Found in all classes of living organisms, antimicrobial peptides (AMPs) play a crucial role in the innate immune response and barrier defence by killing or inhibiting the growth of harmful microorganisms, including bacteria and fungi. The broad-spectrum activity makes them effective against different types of pests and pathogens, thus prompting the use of AMPs as an alternative to pesticides, which are hazardous for both human health and environment.

Even though to date several thousands of AMPs have been isolated from different natural sources, only few of them (nisin, dermaseptin, defensins, cinnamycin) have been translated to the market, primarily to target multidrug-resistant infections or as food preservatives. This is due to several inherent drawbacks of the naturally obtained AMPs, primarily their short half-life owing to the susceptibility to protease degradation, and lower activity as compared to conventional pesticides, resulting in higher production costs.

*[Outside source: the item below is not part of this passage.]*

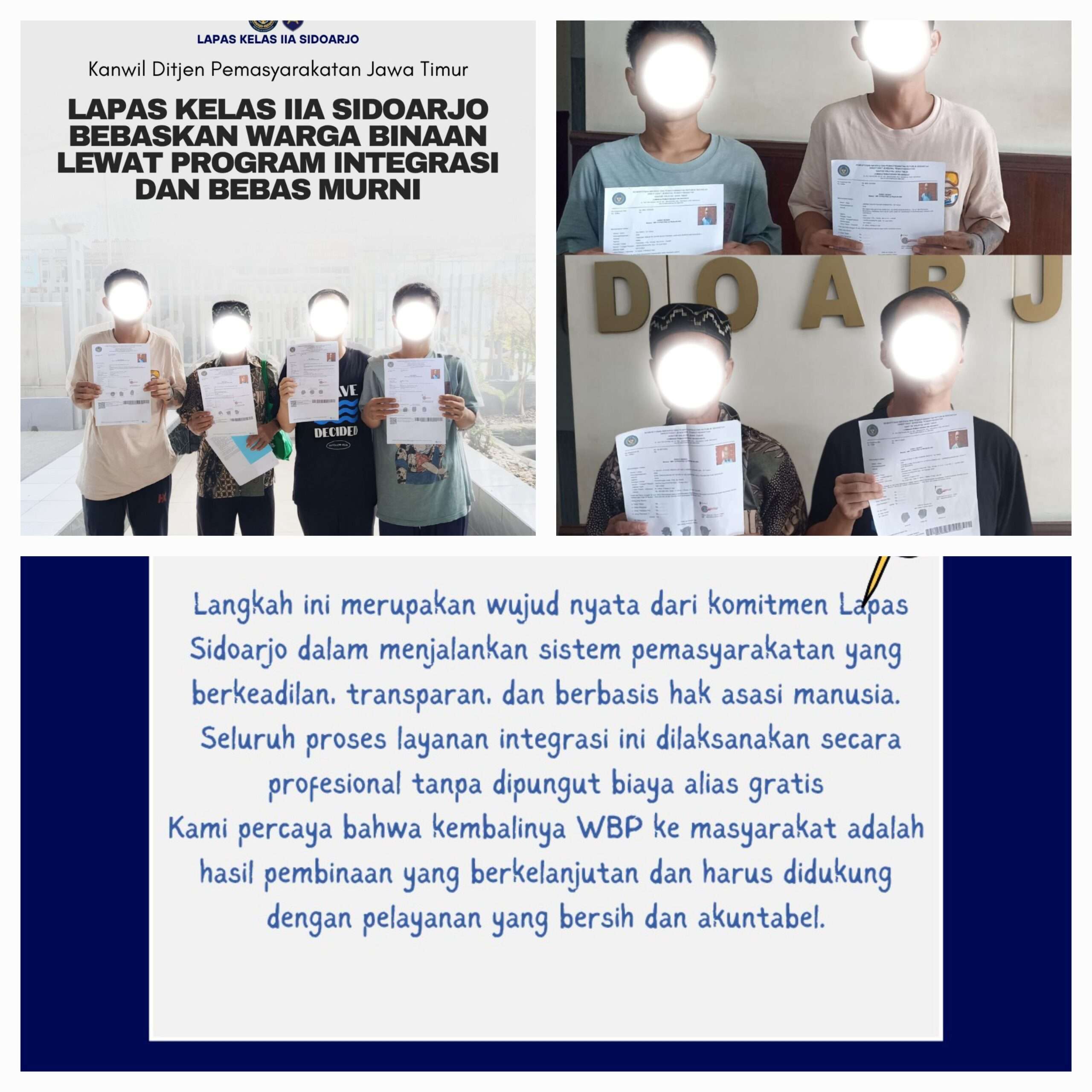 Kepala Lapas Kelas IIA Sidoarjo, Disri Wulan Agus Tomo, menyampaikan bahwa proses pembebasan dilakukan secara transparan, akuntabel, dan tanpa dipungut biaya sepeser pun.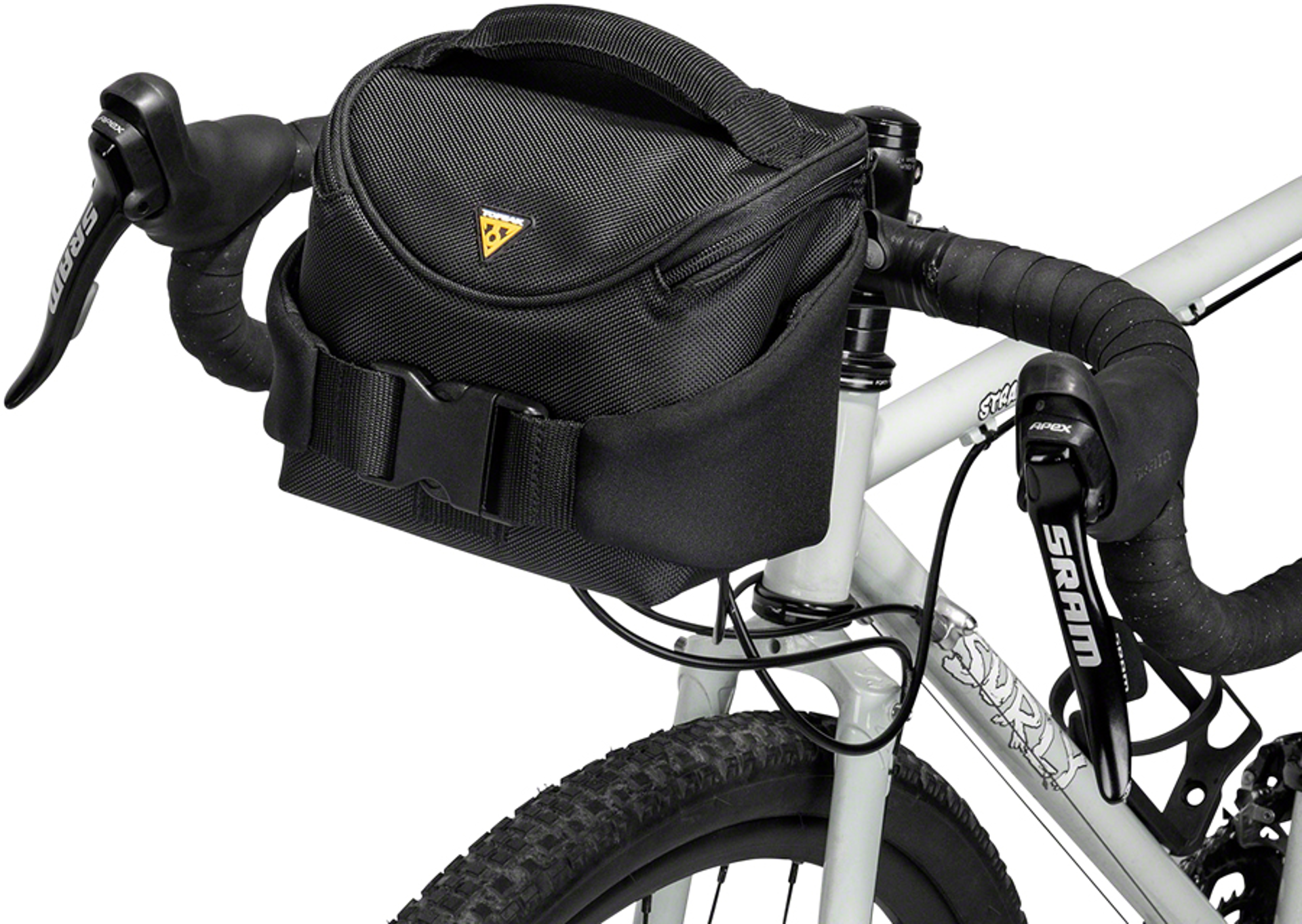 This compact bag utilizes a positive-locking, quick-release Fixer 8 handlebar bracket for secure mounting. For off-bike adventures, the bag includes a buckled strap allowing you to wear it around your waist as a fanny pack. It also features side straps designed for carrying a Topeak cell phone bag.

Synthetic AMPs, strengthened by sequence truncation, mutation, cyclization, or introduction of unnatural amino acids, have been shown to retain or improve the antimicrobial potency along with circumventing the disadvantages of the natural analogues.

Objective

This project aims at developing an algorithm for the de novo design of synthetic AMPs with optimized activity, as compared to those present in living organisms. Our ultimate goal would be to validate the nanomolar range activity of the generated sequences against fungal pathogens, by contrast with the micromolar range of natural AMPs.

Installation

Setup using venv

The following code block allows to setup a virtual environment.

Dependency management using poetry

poetry is a Python packaging and dependency management tool, simplifying the management of a Python project by providing features such as:

  • dependency resolution
  • virtual environments
  • packaging, and publishing.

It allows to define project dependencies in pyproject.toml and the associated poetry.lock files and handles the installation and management of those dependencies.

To install poetry:

poetry install
poetry shell
task check

To add dependencies specified in pyproject.toml:

poetry add <package-name>

Resources

Positive Database

The database used to identify positive AMPs' descriptors, full_positive_db.fasta, was exported from DRAMP with only alpha-helices selected, due to their enhanced capability to propagate cell membranes.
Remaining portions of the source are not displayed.